> _WHAT YOU WILL DO_: Return only what runs from the line containing "the eerie atmosphere" through the last line of the entries below, exactly, omitting pictures.

> _DATA SUPPLIED_:

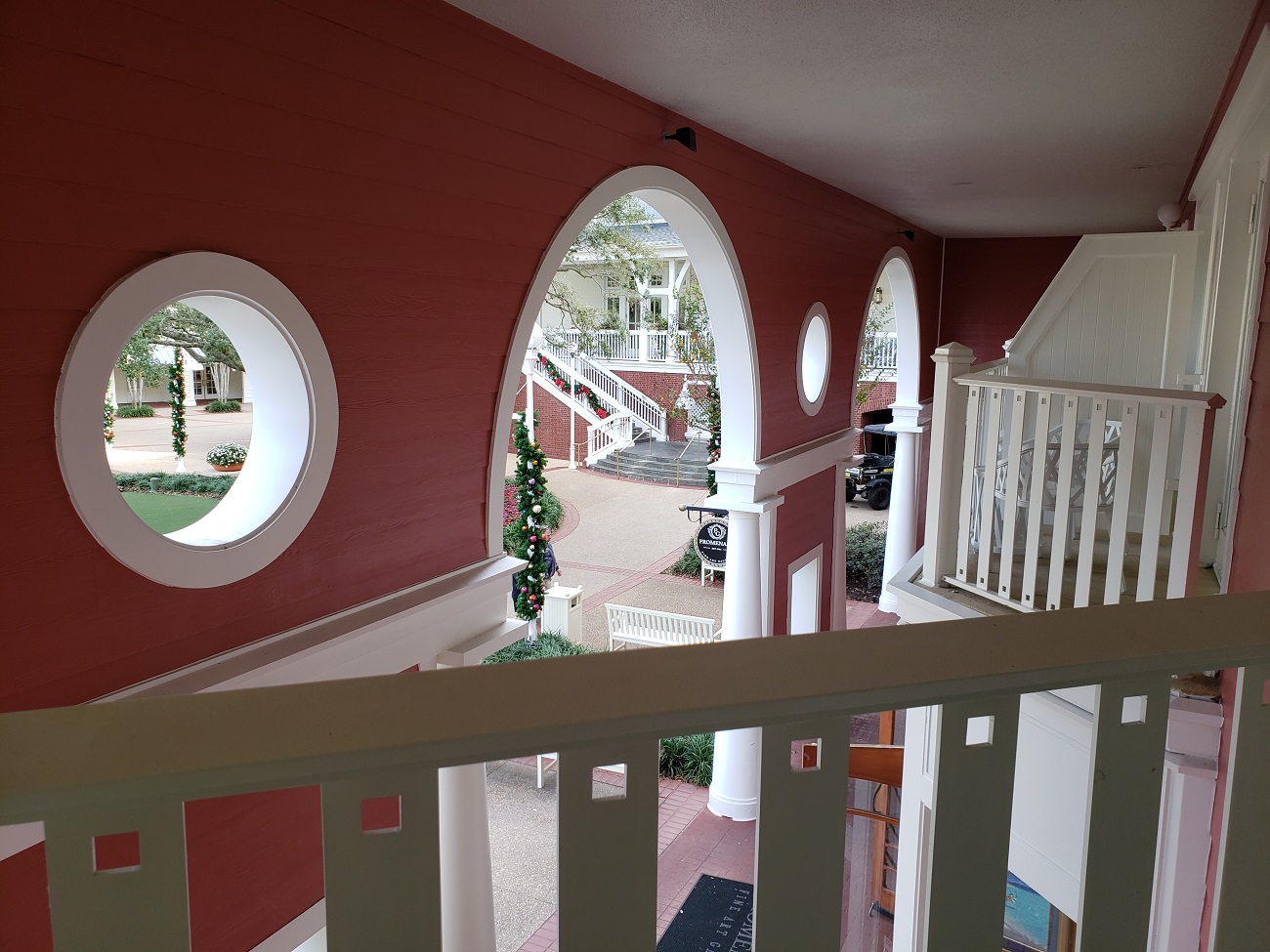 Stayed in this room after requesting the same room one floor up. The view is slightly distorted as you can see in the pictures, but still a great view of the lawn. The room is on the same floor as the lobby and is short walking distance to the lobby, elevators, stairs and Vending. We did not find it loud at all, but the balcony is angled which makes it a tight squeeze to fit two people. I might not request this room again (mainly for the obstructed view), but really don't have any major complaints.
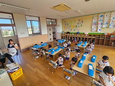おはしのおけいこ、メロディオン、給食です。
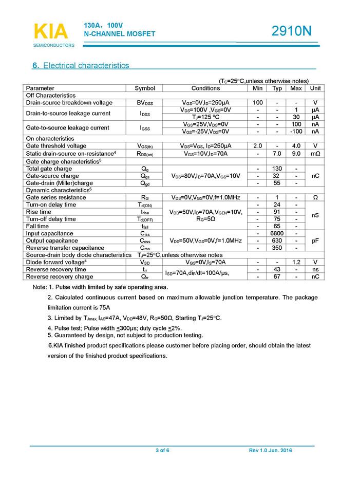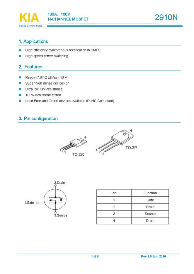 參數: ID(A): 130 BVDSS(V): 100 RDS(ON): 0.007 Qg(nC): 130 Package: TO-220、TO-3P
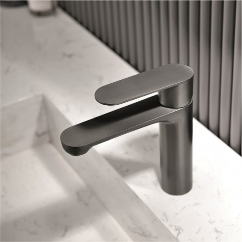 За да запазите уникалния PVD завършек в цвят "оръжейно сиво", почистването трябва да бъде нежно. Използвайте мека кърпа и неутрален сапунен разтвор. Въпреки високата устойчивост на PVD покритието, винаги избягвайте абразивни материали и почистващи препарати с висока концентрация на киселини. Функцията Coin Type на аератора е голямо предимство за лесно почистване на варовика, поддържайки оптимален воден поток.
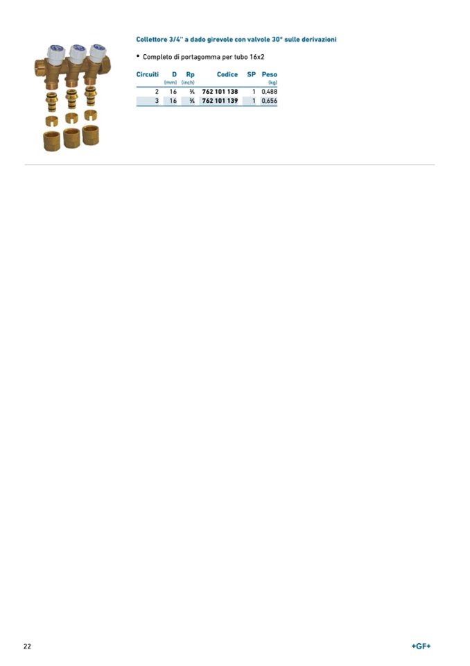 Collettore 3/4'' a dado girevole con valvole 30° sulle derivazioni
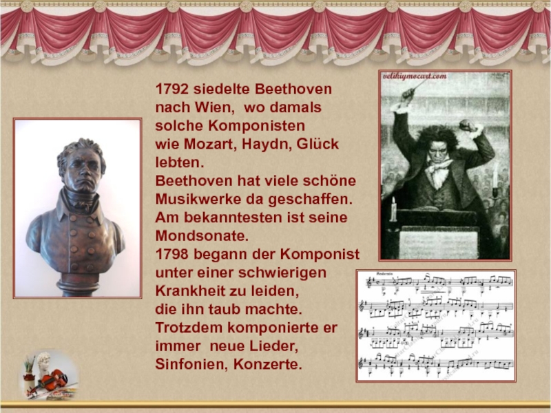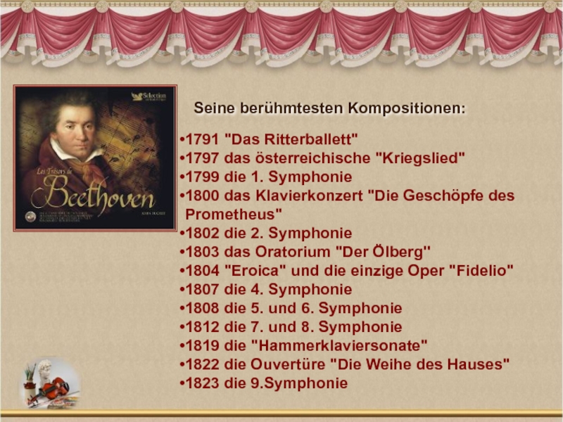 1794 entstand eine Reihe von seinen Werken fÜr und mit Klavier:ein Klavierkonzert, Klaviersonaten, Lieder.Bei Beethoven begann Werke zu nummerieren und diese Zahlen mit dem Vorwort “opus” zu bezeichnen.
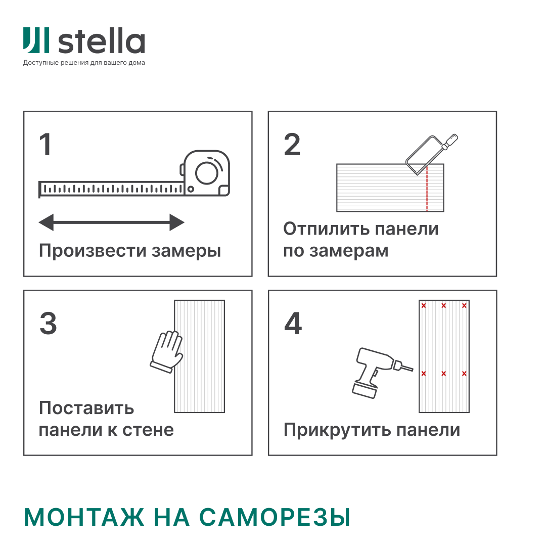 ⁃ Простота установки. Интуитивно понятный монтаж, можно использовать жидкие гвозди;
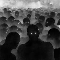 the eerie atmosphere of the image. There are no distinguishable facial features on the figures due to
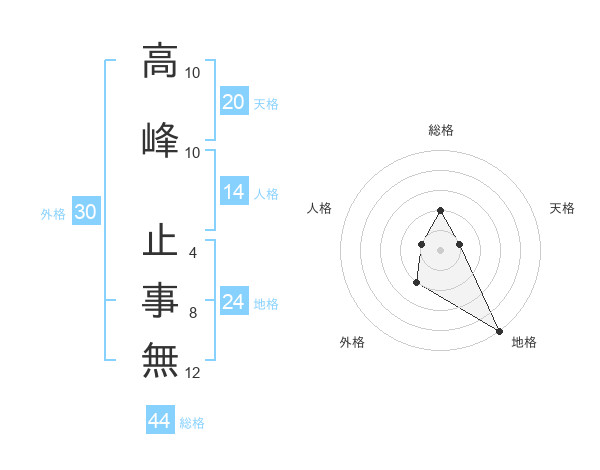 高峰 止事無さんを姓名の画数から五運を鑑定

> _PROBLEM SOLUTION_:
 the eerie atmosphere of the image. There are no distinguishable facial features on the figures due to
 高峰 止事無さんを姓名の画数から五運を鑑定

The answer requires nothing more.